Code for the paper "Mehta, S. V., Patil, D., Chandar, S., & Strubell, E. (2023). An Empirical Investigation of the Role of Pre-training in Lifelong Learning. The Journal of Machine Learning Research 24 (2023)"
Python 3.6, PyTorch 1.7.0, transformers 2.9.0
Conda can be used to set up a virtual environment with Python 3.6 in which you can sandbox dependencies required for our implementation:
-
Create a Conda environment with Python 3.6
conda create -n lll python=3.6
-
Activate the Conda environment. (You will need to activate the Conda environment in each terminal in which you want to run our implementation).
conda activate lll
-
Visit http://pytorch.org/ and install the PyTorch 1.7.0 package for your system.
conda install pytorch==1.7.0 cudatoolkit=11.0 -c pytorch
-
Install other requirements
pip install -r requirements.txt
That's it! You're now ready to reproduce our results.

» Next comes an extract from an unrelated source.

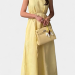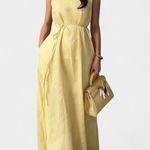 Frescura natural y elegancia sencilla definen al vestido Rosetta. Con una caída ligera y un diseño sin mangas con cuello redondo, este vestido tipo A ofrece un ajuste cómodo y favorecedor. El lazo fino en la cintura añade un toque sutil y relajado, ideal para los días cálidos y la sencillez con estilo.

- First create the data directory:
mkdir data
- To download the data for Split CIFAR-100 and Split CIFAR-50 experiments, run:
./scripts/download_vision_data.sh cifar100
- To download data for 5-dataset experiments, run:
./scripts/download_vision_data.sh 5data
To run the vision experiments and create the necessary model checkpoints for random initialization, run:
./scripts/run_vision.sh \
{DATASET} \
{METHOD} \
./data \
./output/{DATASET}/{METHOD}/random/run_1 \
1 \
random \
5 \
{CUDA_DEVICE} \
rndminit_ckpt \
no_sam
where {DATASET}
is one of "5data", "cifar50", "cifar100"
, and {METHOD}
is
one of "sgd", "er", "ewc"
.
Similarly, to run and create the necessary model checkpoints for pre-trained initialization, run:
./scripts/run_vision.sh \
{DATASET} \
{METHOD} \
./data \
./output/{DATASET}/{METHOD}/pt/run_1 \
1 \
pt \
5 \
{CUDA_DEVICE} \
imagenetinit_ckpt \
no_sam
where {DATASET}
is one of "5data", "cifar50", "cifar100"
, and {METHOD}
is
one of "sgd", "er", "ewc"
.
The above run commands will create a folder called output
with all of the relevant data for the
run as well as the model checkpoints. In our experiments, we run this with 5 different random seeds. The data in Table 5
for vision experiments is generated based on the log.json
files in each run folder.
Create the folders:
mkdir -p results/analysis/sharpness/{DATASET}/random
mkdir -p results/analysis/sharpness/{DATASET}/pt
for each dataset of interest (5data, cifar50, cifar100
).
To run the sharpness analysis, we run the following command:
./scripts/run_vision_analysis.sh \
{DATASET} \
./data \
./output/{DATASET}/random/run_1 \
./results/analysis/sharpness/{DATASET}/random/run_1.json \
sharpness \
0
Run a similar command for the pre-trained models.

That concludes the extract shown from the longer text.